Fix it. Fund it. Future-proof it.
We’re launching a new fundraising campaign today. All we need is 600 people. Are you in? 🗞️
In a nutshell …
Quality local journalism, once a cornerstone of the community, has been in decline for years. In an age of information overload, where seemingly anything goes – facts disputed, lies peddled, conspiracies left unchecked – we’re poorer for it.
Our Fix it. Fund it. Future-proof it. campaign seeks to offer an alternative. We believe that local news can be done slower and better. No agenda. No clicks. No nonsense. And all we need to help make this happen … just 600 kind folk like you.
Members. Supporters. Champions of the fourth estate. If that sounds like you …
🗞️ sign up as a member here 🗞️ sign up as a supporter here
Fire service rescues cat. Community hosts fair. Amateur football team loses match. Gardener grows massive vegetable. Man complains to council about neighbour's giant shed.
There was always a popular misconception, not entirely unfounded, that local newspapers tended to publish stories that were quaint, trivial or mundane.
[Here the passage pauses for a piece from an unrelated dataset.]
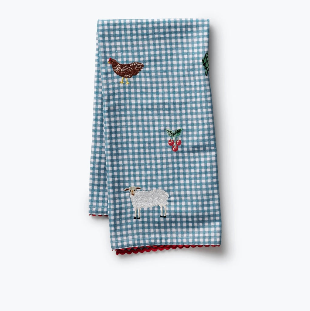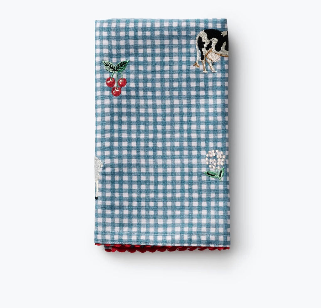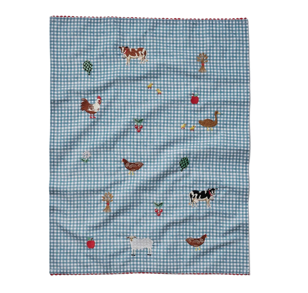 With charming illustrations and rick rack trim, this printed tea towel is perfect for lining a bread basket, drying dishes, or simply adding a bit of color to the kitchen!
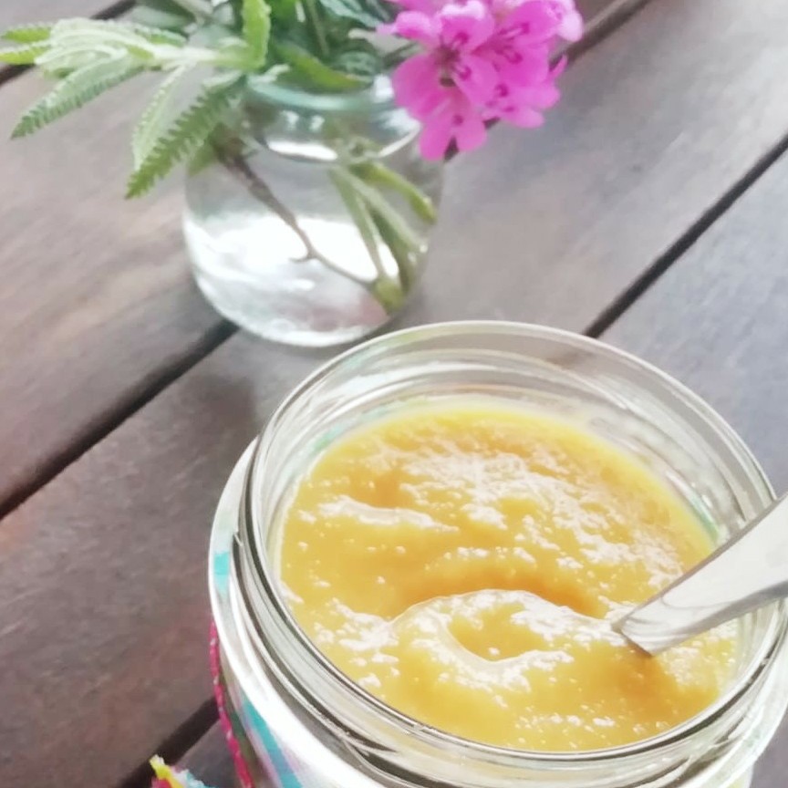 - Cuando la manzana esté hecha, tritúrala para que quede como un puré.

That if you wanted to read or learn about things that mattered, you were better off picking up a national tabloid or broadsheet.
Local newspapers, while a welcome, useful and seemingly permanent pillar of the community – like the social club, the church, the corner shop – had a sort of old world, provincial feel about them. It didn’t matter if you missed an edition. Somehow, someone would tell you what was going on in your backyard.
That’s how it felt to me. Growing up in the north-east, I was far more interested in flicking through the popular red tops and the quality press – and, of course, always starting with the sports pages at the back. The likes of the Evening Chronicle and The Journal, while they were household names – and readily available to me on the newsstand in my parents’ shop – didn’t interest me as much.
Looking back, maybe it was because the nationals opened me up to the rest of the world and widened my horizons, whereas the local press, possibly, felt insular, small town-ish and unimportant. Sometimes, without knowing it, you’re always trying to leave where you come from. After all, you can’t make a name for yourself if you stay put? That’s the sell, anyway.
The truth is that these stories matter. The humongous vegetable may be the headline, but what it’s actually about is how a community is growing more of its food locally in an enterprising way. The cat being rescued by a firefighter may seem charming at first, but it tells a different story – one about the local fire service being in a near-perpetual state of crisis.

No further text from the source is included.